Hier volgt een uitleg van het protocol rond de toetreding van een nieuwe monarch.

Charles volgt de troon op onmiddellijk na het overlijden van de monarch. Er wordt zo spoedig mogelijk, gewoonlijk binnen 24 uur, een Raad van Toetreding bijeengeroepen in St. James's Palace, de officiële residentie van de vorst, om de opvolger uit te roepen.

De raad wordt gevormd door Privy Counsellors, die de vorst al sinds de Normandische tijd adviseren. Zij bestaan nu uit ongeveer 670 hooggeplaatste politici, waaronder premier Liz Truss.

Ook aanwezig zijn de Lords Spiritual and Temporal - bisschoppen van de Kerk van Engeland die in het Hogerhuis zetelen, waaronder de aartsbisschop van Canterbury, samen met de wereldlijke edelen van het rijk.

De Lord Mayor van Londen, hoge ambtenaren en Hoge Commissarissen van de 14 andere rijken die de monarch als staatshoofd hebben, zitten ook in de Raad, waarvan de Lord President momenteel wetgever Penny Mordaunt is.

Alle Privy Counsellors zullen worden uitgenodigd, maar niet allen zullen op korte termijn aanwezig kunnen zijn. In 1952, na de dood van George VI, woonden 191 leden de Toetredingsraad van Elizabeth bij.

De Toetredingsraad is in twee delen verdeeld:

DEEL I

De Lord President kondigt het overlijden van de vorst aan en de griffier van de raad, Richard Tilbrook, leest hardop de tekst van de Toetredingsproclamatie voor.

Een zogenaamde platformpartij, bestaande uit de aanwezige leden van de koninklijke familie, de eerste minister, de aartsbisschop van Canterbury en de Earl Marshal - de hertog van Norfolk, Edward Fitzalan-Howard, het eerste lid van de adelstand die verantwoordelijk is voor de organisatie van staatsplechtigheden - ondertekent de proclamatie.

Zodra de proclamatie is ondertekend, roept de Lord President om stilte en behandelt de Raad de overige zaken, zoals de verspreiding van de proclamatie en de aanwijzingen voor het afvuren van artilleriegeschut in het Londense Hyde Park en de Tower of London.

Na deel I van de Raad wordt de proclamatie voorgelezen vanaf de Proclamation Gallery, een balkon boven Friary Court van St James's Palace, door de Garter King of Arms, momenteel David White, de hoogste heraut in Engeland, wiens ceremoniële rol een jaarsalaris van 49 pond met zich meebrengt, vastgesteld in de jaren 1830.

Hij wordt vergezeld door de Earl Marshal en andere functionarissen in traditionele heraldische kledij.

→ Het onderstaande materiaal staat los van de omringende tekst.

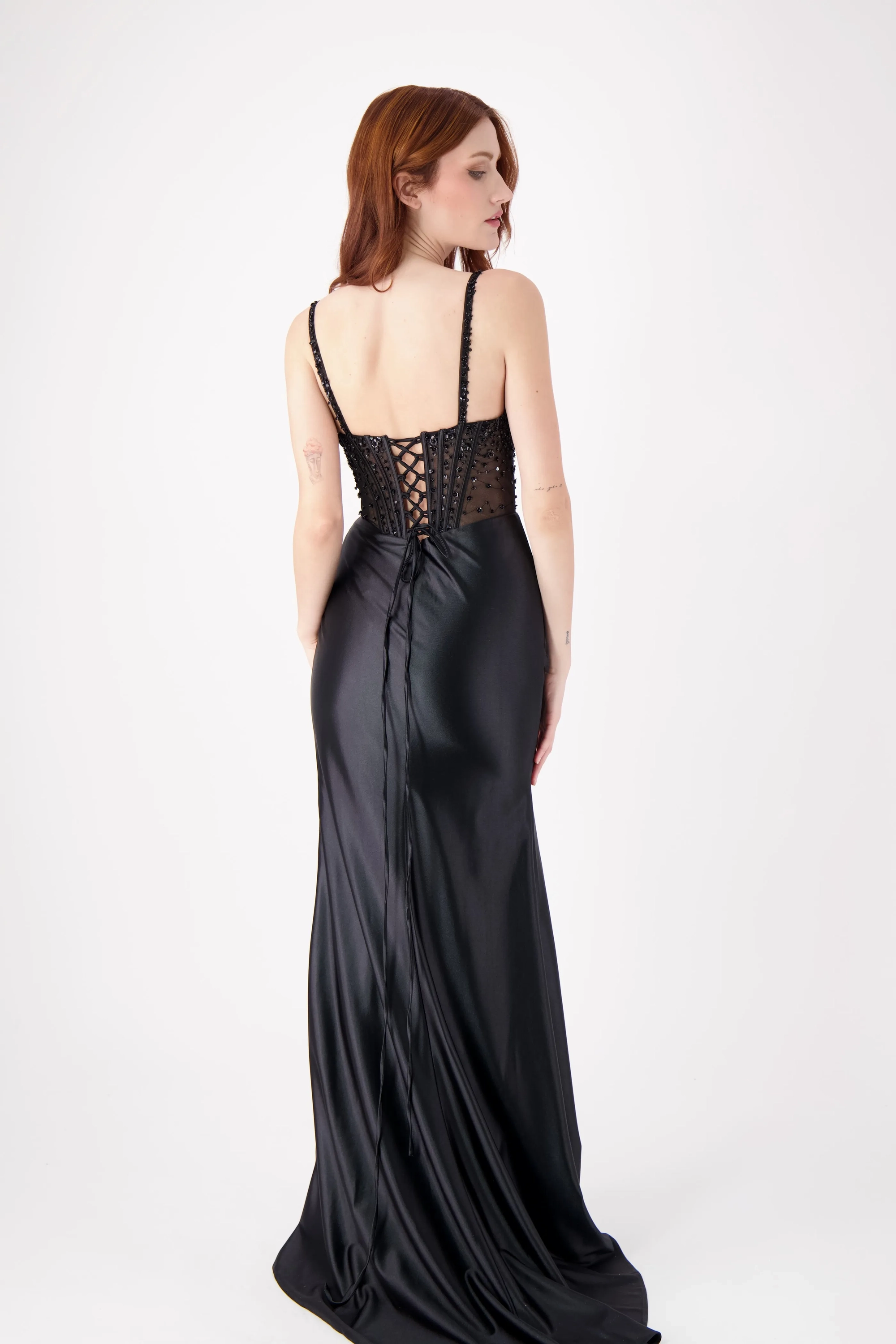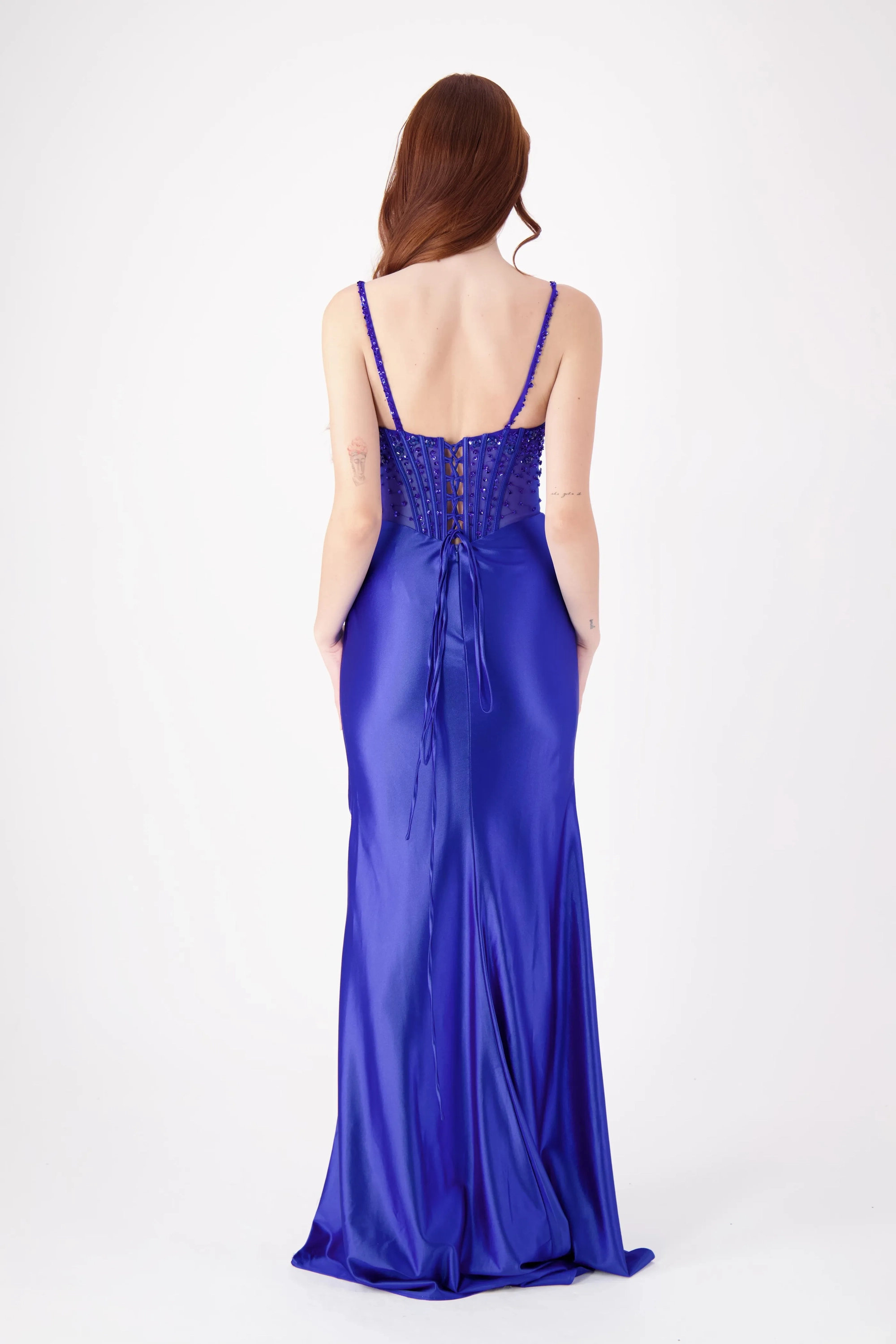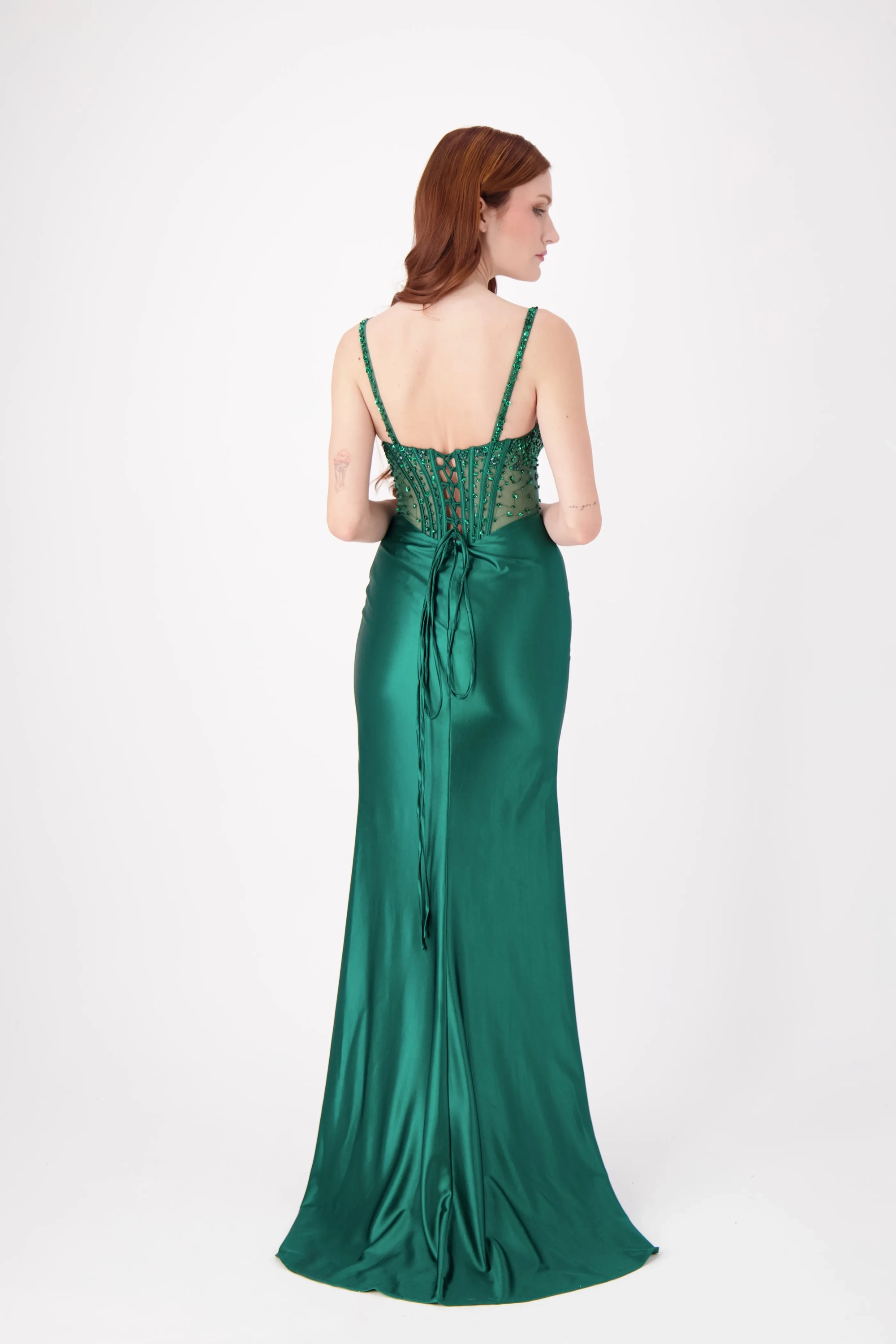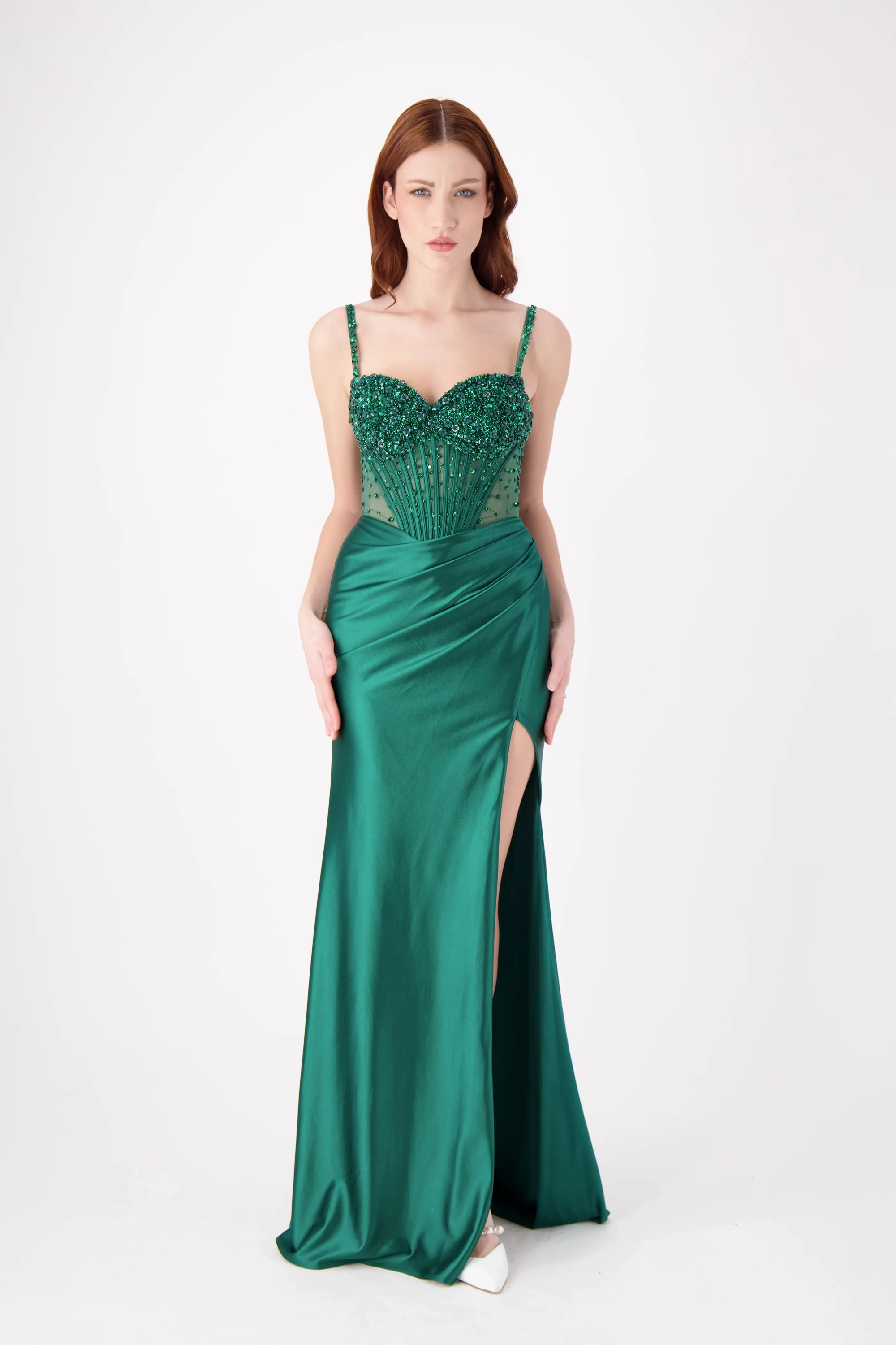 This stunning strapless fitted dress features a beautifully embellished bodice with intricate beading, complemented by a sleek skirt and a daring high slit. The flattering silhouette makes it the perfect choice for prom or any formal event where you want to stand out with elegance and confidence.

De proclamatie gaat vergezeld van saluutschoten en de herauten reizen naar Mansion House in de City van Londen, waar zij vervolgens in de Royal Exchange wordt voorgelezen. De proclamatie wordt in het openbaar voorgelezen in de andere hoofdsteden van het Verenigd Koninkrijk - Edinburgh, Belfast en Cardiff - en op andere plaatsen.

DEEL II

Deel II van de Toetredingsraad wordt gehouden door de nieuwe vorst, maar volgt niet altijd onmiddellijk op deel I. Het wordt alleen bijgewoond door Privy Counsellors en begint met een persoonlijke verklaring van Charles in verband met de dood van de koningin.

Daarna legt hij een eed af met betrekking tot de veiligheid van de Kerk van Schotland, zoals vereist wordt door de wet van 1707 waarbij Schotland zich met Engeland en Wales verenigde om Groot-Brittannië te vormen. Dit heeft elke Soeverein sinds 1714 bij zijn Toetreding gedaan.

In de veronderstelling dat Charles verkiest onder zijn voornaam te regeren, luidt de eed als volgt: "Ik, Karel III, bij de Gratie Gods van het Verenigd Koninkrijk van Groot-Brittannië en Noord-Ierland en van Mijn andere Gebieden en Koninkrijken Koning, Verdediger van het Geloof, beloof en zweer getrouw, dat ik de vestiging van de ware Protestantse Godsdienst, zoals deze is vastgesteld door de wetten die in Schotland gemaakt zijn ter vervolging van de Rechtsvordering en in het bijzonder door een Wet, getiteld "Een Wet ter beveiliging van de Protestantse Godsdienst en de Presbyteriaanse Kerkregering" en door de Wetten die in het Parlement van beide Koninkrijken zijn aangenomen voor de Unie van de twee Koninkrijken, tezamen met de Regering, Aanbidding, Tucht, Rechten en Privileges van de Kerk van Schotland, onaantastbaar zal handhaven en bewaren. Zo waarlijk helpe mij God."

De nieuwe vorst ondertekent dan twee exemplaren van de eed.